WORK INSTRUCTION
Exclude any images and output the remaining records exactly.

Collection entries
□ □ □ □ □ □ □

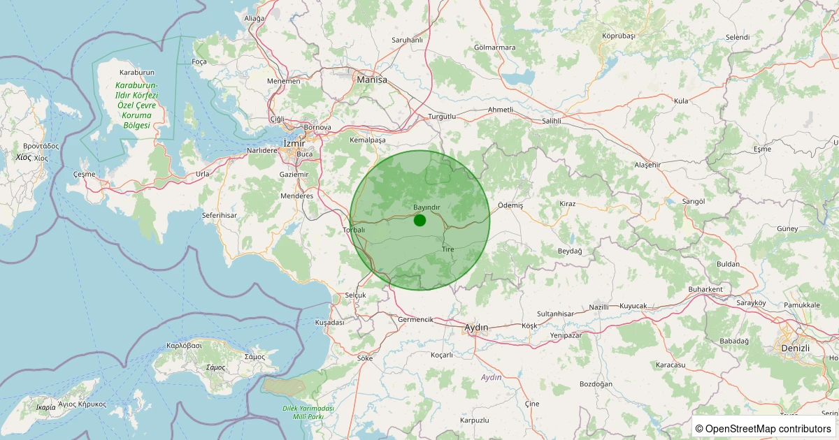 Son 7 gün içinde Bayındır - Karahallı noktasından 100 km yarıçap içerisinde meydana gelen diğer depremler:
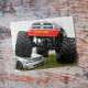 Um grande caminhão de monstro vermelho está esmagando um carro de salvamento automático. Legal para todos os amantes de caminhões.
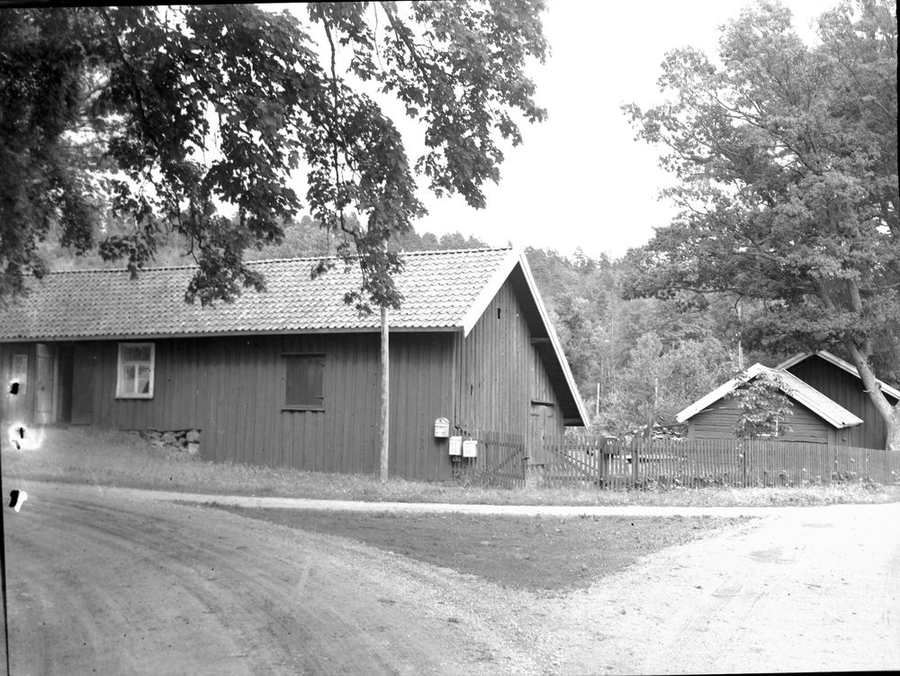 Stall och ladugårdsbyggnader med bod och garage. Till höger hemlighus och till höger gammal källare. Västra Tunhems prästgård
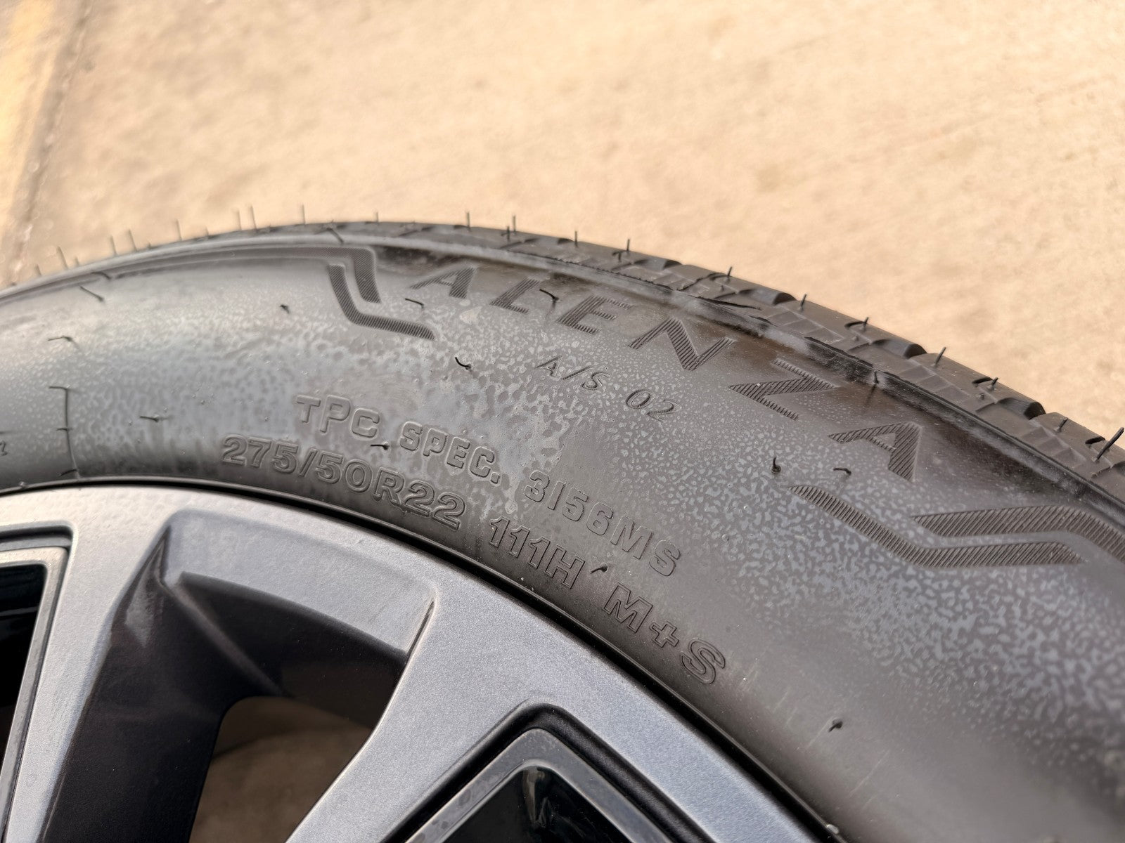 -Tires are 275/50/22 Bridgestone Alenza A/S02, NEW take offs!
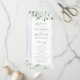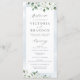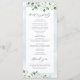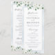 Modern chic watercolor white floral eucalyptus greenery and gold colour border frame on dusty blue background, with trendy script, elegant and stylish, great wedding programs for rustic wedding, botanical wedding and beach wedding.
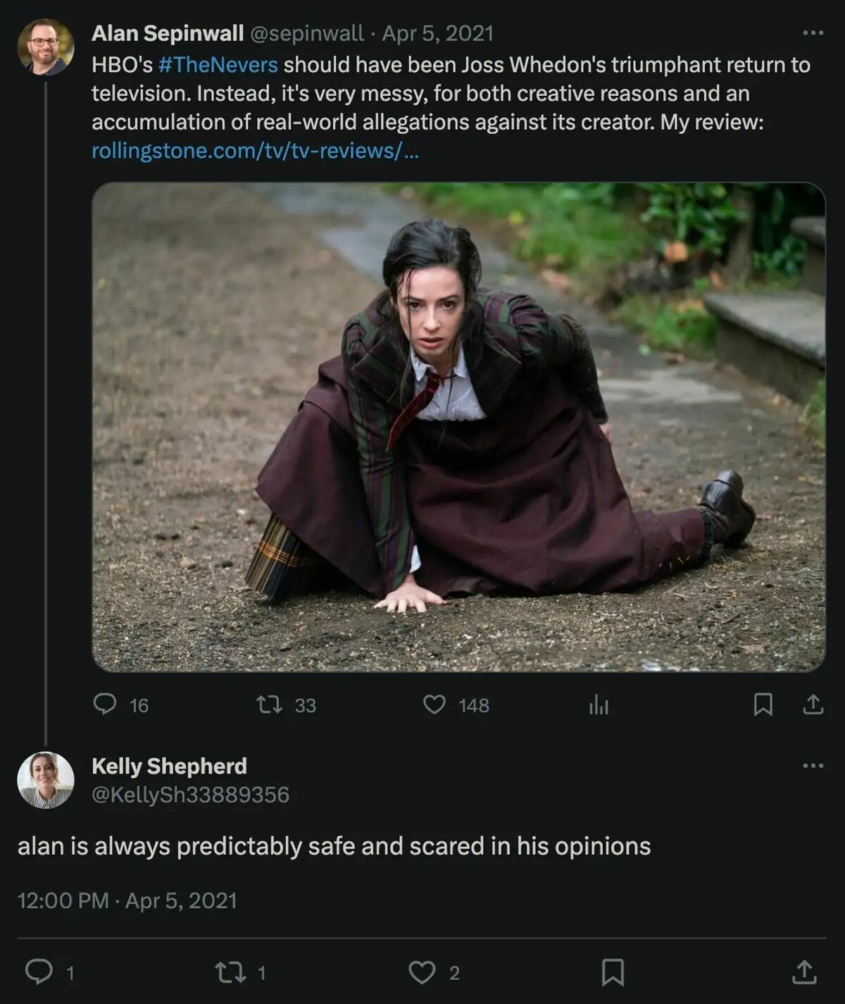 När skribenten Alan Sepinwall recenserade och sågade ”The Nevers”, Joss Whedons kortlivade fantasyserie, ville HBO-chefen sätta honom på plats.

□ □ □ □ □ □ □

SOLVED PROBLEM
 Son 7 gün içinde Bayındır - Karahallı noktasından 100 km yarıçap içerisinde meydana gelen diğer depremler:
 Um grande caminhão de monstro vermelho está esmagando um carro de salvamento automático. Legal para todos os amantes de caminhões.
 Stall och ladugårdsbyggnader med bod och garage. Till höger hemlighus och till höger gammal källare. Västra Tunhems prästgård
 -Tires are 275/50/22 Bridgestone Alenza A/S02, NEW take offs!
 Modern chic watercolor white floral eucalyptus greenery and gold colour border frame on dusty blue background, with trendy script, elegant and stylish, great wedding programs for rustic wedding, botanical wedding and beach wedding.
 När skribenten Alan Sepinwall recenserade och sågade ”The Nevers”, Joss Whedons kortlivade fantasyserie, ville HBO-chefen sätta honom på plats.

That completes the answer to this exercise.